Por seu turno, Paula Abreu Marques não tem dúvidas de que a UE não vai resolver a crise climática sozinha e nunca foi o caso: “Lideramos a situação com este Acordo Verde com uma nova abordagem de sistema energético”. E, nesta abordagem de sistemas energéticos integrados, a responsável destaca a grande prioridade que é a “eficiência energética”, seguida da eletrificação e, por fim, o “olhar para outras renováveis” como o hidrogénio. Neste último, a responsável acredita que a Europa também lidera o caminho. Nessa mesma estratégia, Paula Abreu Marques lembra que ficou patente a necessidade de se trabalhar em conjunto com a China e os EUA: “Não nos deveremos esquecer que esta parceria nos permitiu acabar com as negociações que estavam paradas e que deram origem ao Acordo de Paris”. Sobre o anúncio da China à neutralidade carbónica até 2060, a responsável acredita que é algo promissor, vista como “uma posição muito importante”. Além disso, aquelas que são as perspetivas da política da UE nos próximos meses prendem-se sobretudo, em “expandir as nossas normas e abrir o mercado global”, apoiando uma “ordem multilateral” e “trabalhar com organizações internacionais nesse sentido”.
Tornar a Europa numa líder climática
Walburga Hemetsberger acredita que uma das medidas cruciais para que a Europa seja líder neste desafio climático é, desde logo, o “aumento das emissões no que diz respeito às renováveis”, e sustentar a “ambição” de “40% de renováveis até 2030”. Outro aspeto fundamental é “olhar para os processos administrativos”, deixando de existir “engarrafamentos nas autorizações” e, ao mesmo tempo, “reduzir os constrangimentos”. Assim, a responsável defende que se deva desenvolver renováveis ao ritmo do que é necessário.
Dörte Fouquet também defende um acordo forte e ambicioso. No entanto, acredita que deva existir um “maior cruzamento do Estados-membro” com “maior flexibilidade para projetos locais” onde a “comunidade possa debatê-los”, acreditando que, nas matérias das renováveis, “precisamos de ter sempre pessoas do nosso lado” até porque “a CE só pode fazer até certo ponto”. Na Lei do Clima, o responsável afirma que “devemos olhar sem ter qualquer desvio dos critérios da política da taxonomia”.

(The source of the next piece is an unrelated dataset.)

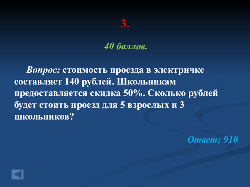 3. 40 баллов.   Вопрос: стоимость проезда в электричке составляет 140 рублей. Школьникам предоставляется скидка 50%.

Já Giles Dickson considera fundamental apoiar o Banco de Investimento Europeu, visto que assumem um papel importante em “alavancar os grandes problemas de investimento”. Depois, é necessário “explorar os nossos próprios planos de recuperação ao máximo”, ao mesmo tempo que os instrumentos estratégicos assumem, um “papel importante” para apoiar a indústria da renováveis: “Temos de ser muito fortes com o Governos nacionais sobre os seus planos de energia e clima para que os implementem de forma rigorosa”.
Por fim, Paula Abreu Marques destaca a importância de se “aplicar as autorizações” e “certificar” que os Estados-membros também implementam os planos. Algo que parece ser “chave” é também o “desenvolvimento de competências locais” e a “alteração do valor estratégico” com benefício para os cidadãos e comunidades: “A revisão que está para vir pode ser muito importante sobre as cadeias de valor estratégicas”. Também muito importante é “antecipar e planear o sistema energético do futuro”, algo que está nas ambições da CE, afirma. A responsável considera que é fulcral certificar que “esta transição não deixa ninguém para trás”, defendendo um “sentimento de coesão e uma transição justa em todos os cantos da UE”.